§ **TASK DESCRIPTION**:
A faithful copy of all the data is required; pictures should not be included.

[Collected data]
- Opening Delimiter -
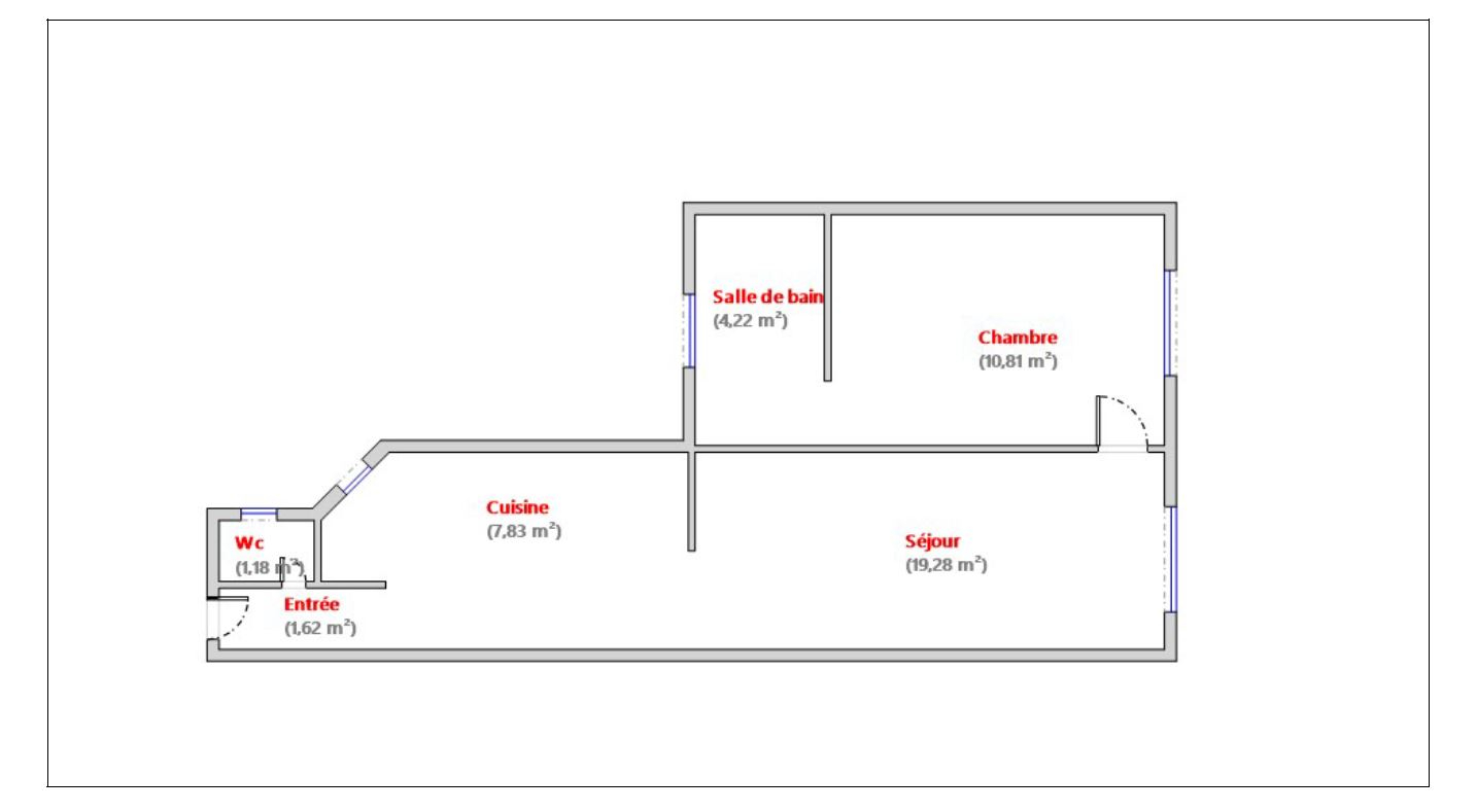 45 m² • 2 pièces • 1 chambre
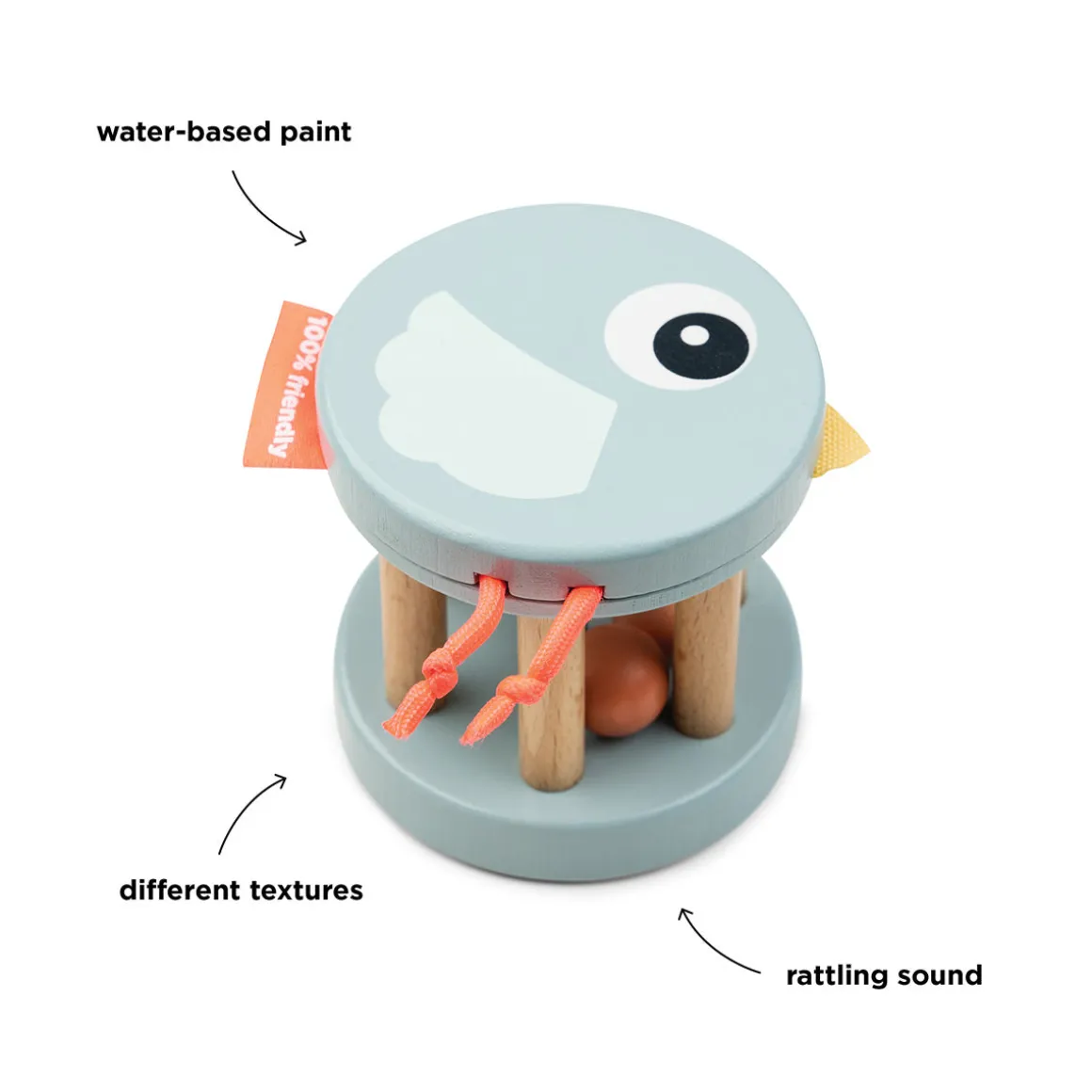 Le hochet en bois – Birdee – Bleu est conçu dans des tons bleus doux avec des détails colorés. Les jouets en bois sont fabriqués à partir de bois provenant de sources responsables et peints avec des peintures à base d’eau exemptes de substances nocives – ce qui permet à votre enfant de les utiliser en toute sécurité.
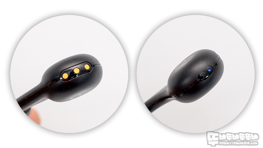 RMCE-BT 무선 아답터 끝부분에는 충전을 위 금속 단자와 전화 통화용 마이크 그리고 작동상태를 알려주는 LED 인디케이터를 확인할 수 있는데 블루투스 이어폰이 오버이어 방식으로 착용되기에 LED 인디케이터를 확인하는 건 쉽지 않은 편입니다.
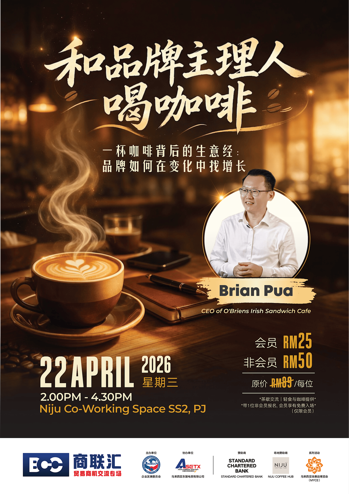 由 MGIECC 发起,邀请 O’Briens CEO Brian Pua 分享品牌增长实战经验。这不是讲座,而是一场小型深度交流,适合企业主、创业者与品牌经营者,现场也可拓展人脉与合作机会。
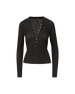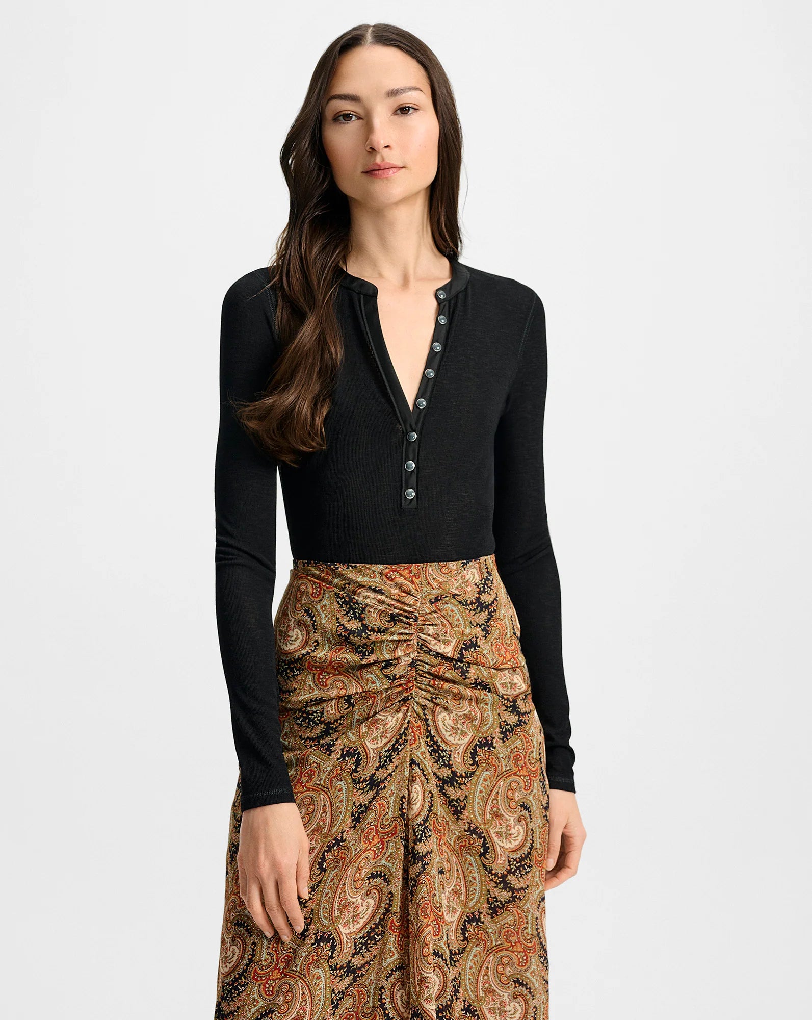 A foundational piece you’ll reach for again and again. The Drexler henley long-sleeve shirt is crafted from a delicate, semi-sheer stretch rib knit that softly hugs the body for a slim, flattering fit. A satin-trimmed deep V-neckline and placket add subtle contrast and shine, finished with stone snaps for a modern touch. Tuck into your favorite VB denim for polished ease.
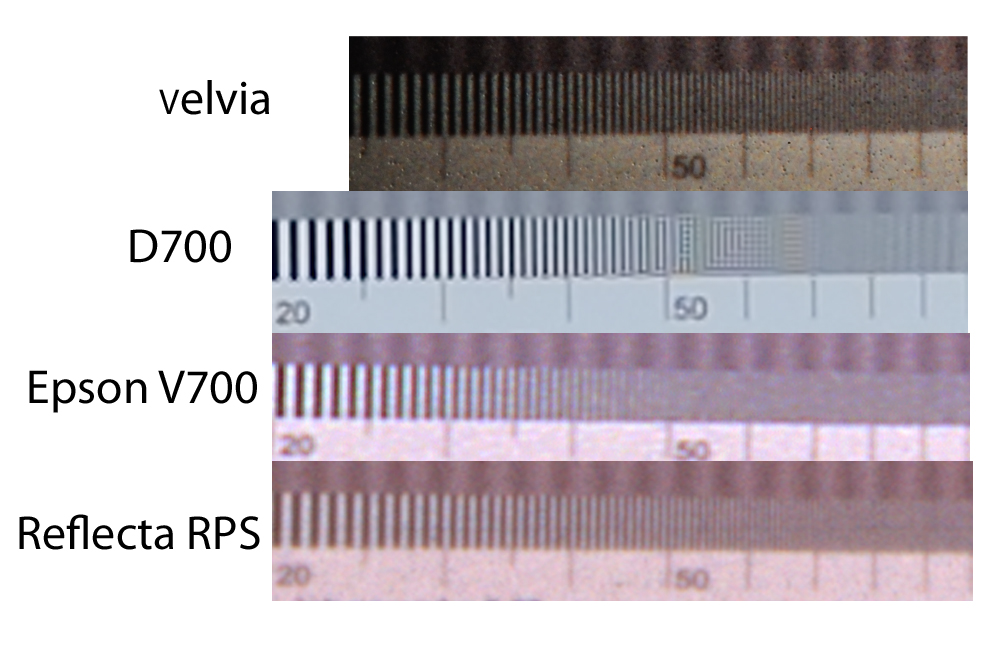 I had the Velvia processed and then scanned it at 7200 dpi (max optical resolution) on a Reflecta RPS and also at 6400 dpi on an Epson V700, both in Silverfast. There was a small amount of sharpening applied but this didn't affect the readings at all. I then look a close-up of the Velvia using the D700 on an Olympus bellows set with a Zuiko 20mm macro lens, giving about 12x magnification. The readings in line pairs per mm should be about right for this test chart and distance. Even if not, they allow comparison of like for like.
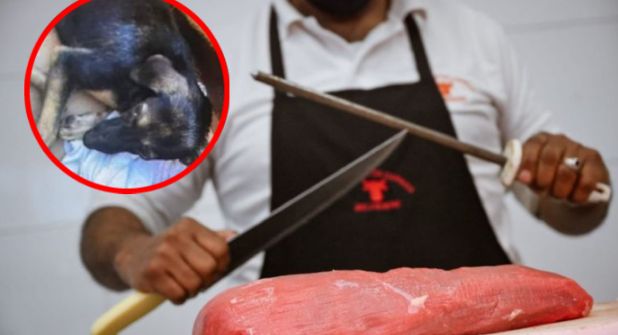 Justo en el momento en el que el can iba a escapar con el botín, el trabajador lo interceptó, dándole una paliza. Otro de los empleados del lugar tomó un objeto punzocortante, presuntamente un cuchillo para filetear, comenzando a cortarlo con tal fuerza que incluso le fracturó la extremidad.
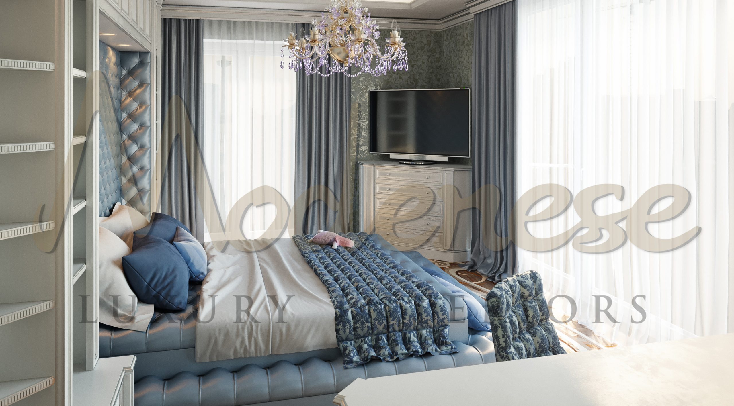 Here’s proof that blue can thrive in a variety of settings and take on a completely different appearance. This bedroom, designed by Modenese Luxury Interiors, has an inviting and exquisite feel to it, while still being polished and sophisticated.
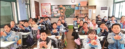 12月8日,杭州市德天实验小学六年级班主任张萃老师在朋友圈分享了两张照片:全班每个孩子手里,都捧着一个大苹果。
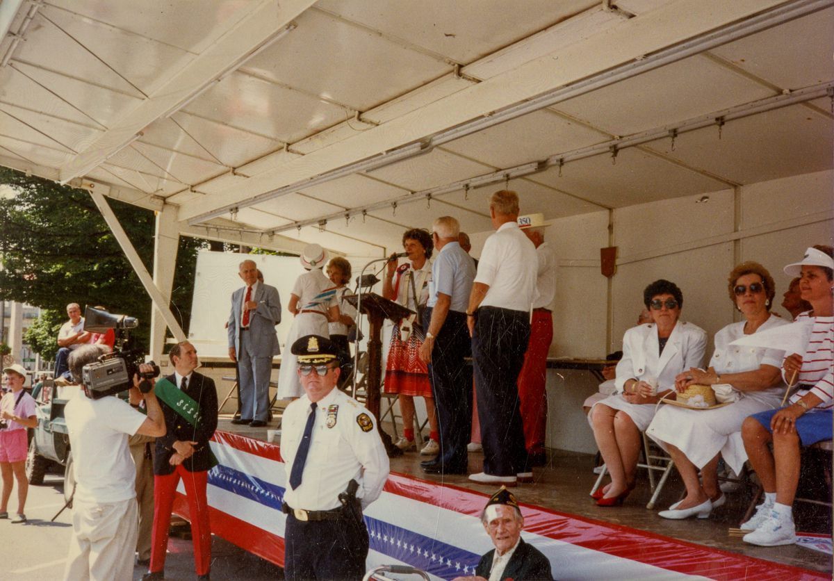 People at the flag raising and dedication ceremony during the celebrations of the 350th Anniversary of Greenwich's founding.Collection
- Closing Delimiter -
§ **EXERCISE ANSWER**:
 45 m² • 2 pièces • 1 chambre
 Le hochet en bois – Birdee – Bleu est conçu dans des tons bleus doux avec des détails colorés. Les jouets en bois sont fabriqués à partir de bois provenant de sources responsables et peints avec des peintures à base d’eau exemptes de substances nocives – ce qui permet à votre enfant de les utiliser en toute sécurité.
 RMCE-BT 무선 아답터 끝부분에는 충전을 위 금속 단자와 전화 통화용 마이크 그리고 작동상태를 알려주는 LED 인디케이터를 확인할 수 있는데 블루투스 이어폰이 오버이어 방식으로 착용되기에 LED 인디케이터를 확인하는 건 쉽지 않은 편입니다.
 由 MGIECC 发起,邀请 O’Briens CEO Brian Pua 分享品牌增长实战经验。这不是讲座,而是一场小型深度交流,适合企业主、创业者与品牌经营者,现场也可拓展人脉与合作机会。
 A foundational piece you’ll reach for again and again. The Drexler henley long-sleeve shirt is crafted from a delicate, semi-sheer stretch rib knit that softly hugs the body for a slim, flattering fit. A satin-trimmed deep V-neckline and placket add subtle contrast and shine, finished with stone snaps for a modern touch. Tuck into your favorite VB denim for polished ease.
 I had the Velvia processed and then scanned it at 7200 dpi (max optical resolution) on a Reflecta RPS and also at 6400 dpi on an Epson V700, both in Silverfast. There was a small amount of sharpening applied but this didn't affect the readings at all. I then look a close-up of the Velvia using the D700 on an Olympus bellows set with a Zuiko 20mm macro lens, giving about 12x magnification. The readings in line pairs per mm should be about right for this test chart and distance. Even if not, they allow comparison of like for like.
 Justo en el momento en el que el can iba a escapar con el botín, el trabajador lo interceptó, dándole una paliza. Otro de los empleados del lugar tomó un objeto punzocortante, presuntamente un cuchillo para filetear, comenzando a cortarlo con tal fuerza que incluso le fracturó la extremidad.
 Here’s proof that blue can thrive in a variety of settings and take on a completely different appearance. This bedroom, designed by Modenese Luxury Interiors, has an inviting and exquisite feel to it, while still being polished and sophisticated.
 12月8日,杭州市德天实验小学六年级班主任张萃老师在朋友圈分享了两张照片:全班每个孩子手里,都捧着一个大苹果。
 People at the flag raising and dedication ceremony during the celebrations of the 350th Anniversary of Greenwich's founding.Collection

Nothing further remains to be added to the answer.